Im not entirely sure email is the best medium for describing this
process, but sure I will try:

Its the Framework for metadata generation and management that I have a
particular interest in, the Terms and the Application Profile are in
some ways secondary as they are generated with and exist outside the
Framework and it is important to realise that these are transitory
whereas the Framework is (and so it should be) generally much more stable.
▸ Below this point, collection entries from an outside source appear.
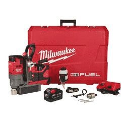 The M18™ Fuel™ 1-1/2 in magnetic drill drills faster than the number one corded competitor, delivers the strongest magnetic hold on 1/4 in steel providing a safer drilling environment in this material and drills upto (76) 13/16 in holes per charge. The M18™ Fuel™ 1-1/2 in magnetic drill delivers safer drilling on 1/4 in steel by providing the industry's strongest holding force on this material. By utilizing permanent magnets, the magnetic base operates without electricity, ensuring that the magnet does not deactivate if the battery is drained. Equipped with auto-stop lift-off detection, power to the motor is automatically cut if excess rotational motion is detected while drilling. Powered by a Milwaukee® POWERSTATE™ brushless motor, both drills are faster than their corded counterparts and deliver the same 1-1/2 in annular cutter capacity. REDLINK™ PLUS™ intelligence is the most advanced electronic system on the market, preventing damage to the tool and battery caused by overloading or overheating. The M18™ REDLITHIUM™ high DEMAND™ 9.0 battery pack delivers upto 5X more run time, 35% more power and runs 60% cooler than standard 18 V lithium-ion batteries. It maintains full power and runs substantially cooler through heavy applications, allowing users to push their cordless tools harder and longer than ever before. The M18™ REDLITHIUM™ high DEMAND™ 9.0 battery is fully compatible with 100+ M18™ tools.
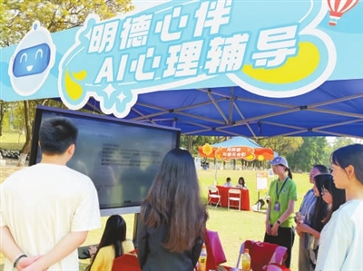 华南农业大学“耕耘心灵·绿意成长”活动现场,智能交互屏中的AI心理助手正通过语义分析,精准识别学生思想动态。学校供图
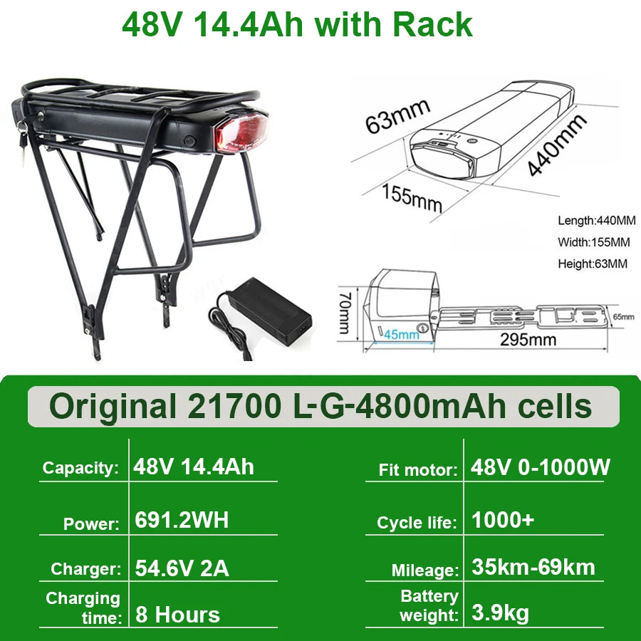 Rear Rack Ebike Battery Specs:
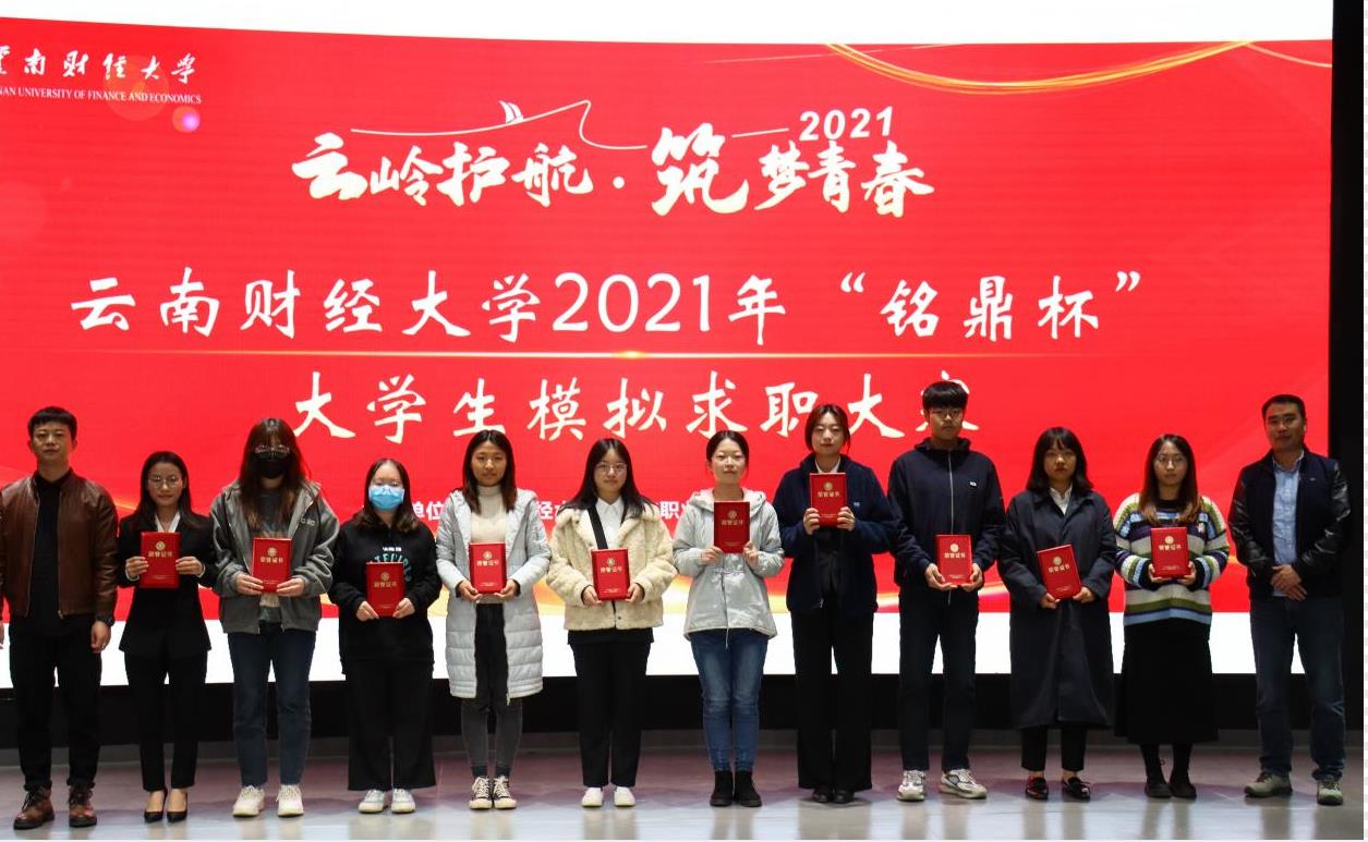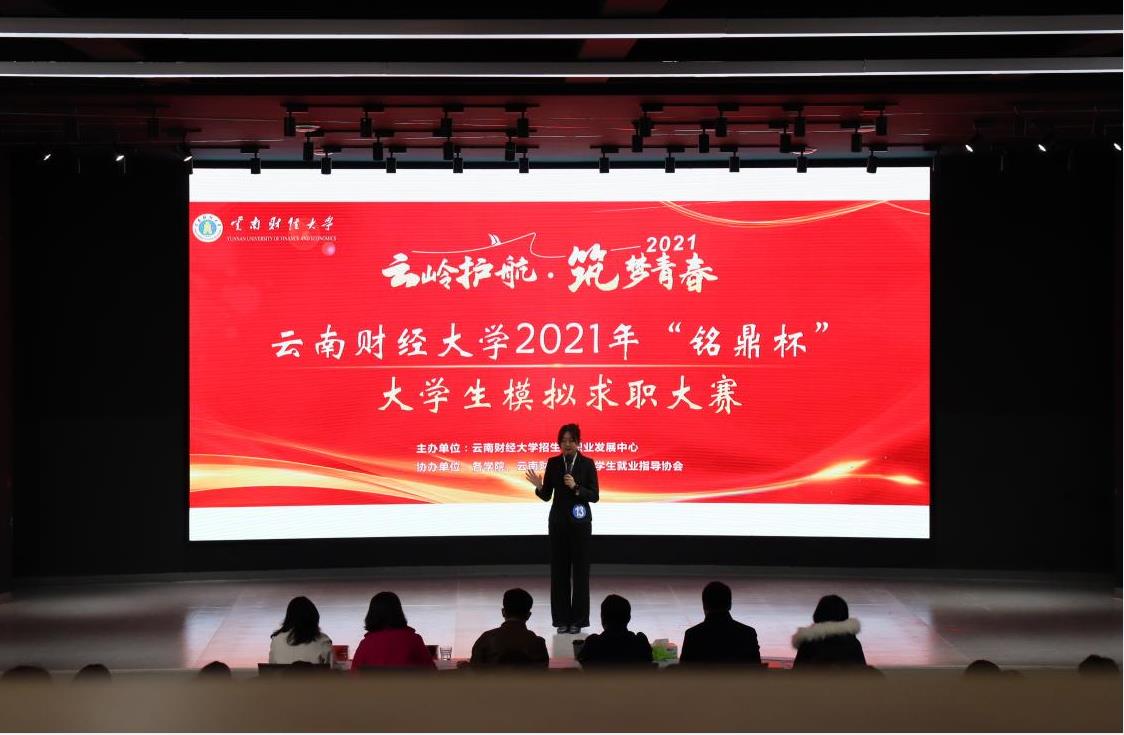 为全力做好我校毕业生就业指导工作,创新就业指导模式,引导大学生了解用人单位需求,并选拔优秀代表参加省级比赛,11月12日下午,beat365英国官方网站2021年铭鼎杯大学生模拟求职大赛决赛在云财众创空间路演大厅举行。

There is strong adherence to the JISC Information Environment and this
did form the basis from which these methods of
generating/managing/exporting/importing etc... metadata have originated.
i.e. the LOM, OAI-PMH, z39.50 etc... but this is not an exclusive
relationship. any representation, transport or search mechanism could be
easily plugged in.

there are two kinds of data, unique instances of data describing objects
- title, url, description are the three most common examples of this (as
these also form the basis of all metadata schemas concerned with
describing electronic resources - this isnt meant to be definitive -
maybe theres some out there that dont?) but this *could* be reduced to a
unique identifier and appropriate polymorphous extentions be applied if
anyone has a problem with this, and repeating groups of data that can be
associated with instances of unique data, whether an entity is written
by a particular author, or is of a particular type, theres lots, the
majority of the LOM is made up of this kind of data. By repeating groups
I mean that many resources can belong to the same group - i.e. many
resources will be of type X.

The Framework allows the creation of both types of data - the unique
entities are stores as 'resources' - the repeating groups are
represented by a extensible hierarchies in the form of structures of
folders - very much like the representation of the file system and the
different kinds of file on your OS. These structures can be generated to
reflect any of the models available.

Resources are then copied and pasted around the tree of folders so that
relationships are created between the resource and any of the repeating
groups. (This functionality, the adaptation of the clipboard metaphor,
is my baby and the key to this solution).

This is how a resource can be in two (or more and even contradictory)
places (in several schemas) at the same time and is an excellent way to
experiment with aligning different schemas.

On top of this, relationships can also be defined between entities,,
synonyms, antonyms, in different languages, etc etc...

Erm,, thats about it in a nutshell,, it really isnt that difficult if
recursion is understood and implemented properly, I despair at how such
a simple concept can be so poorly understood sometimes but thats
irrelevant...

The demonstration addressed one of the more troublesome aspects of the
LOM, those of nested elements - in particular the taxonpath element -
and provided a solution to the as yet largely avoided issue  of post
harvest marshaling of resources into the harvesters data store.  (am i
wrong - is work being conducted in this area?)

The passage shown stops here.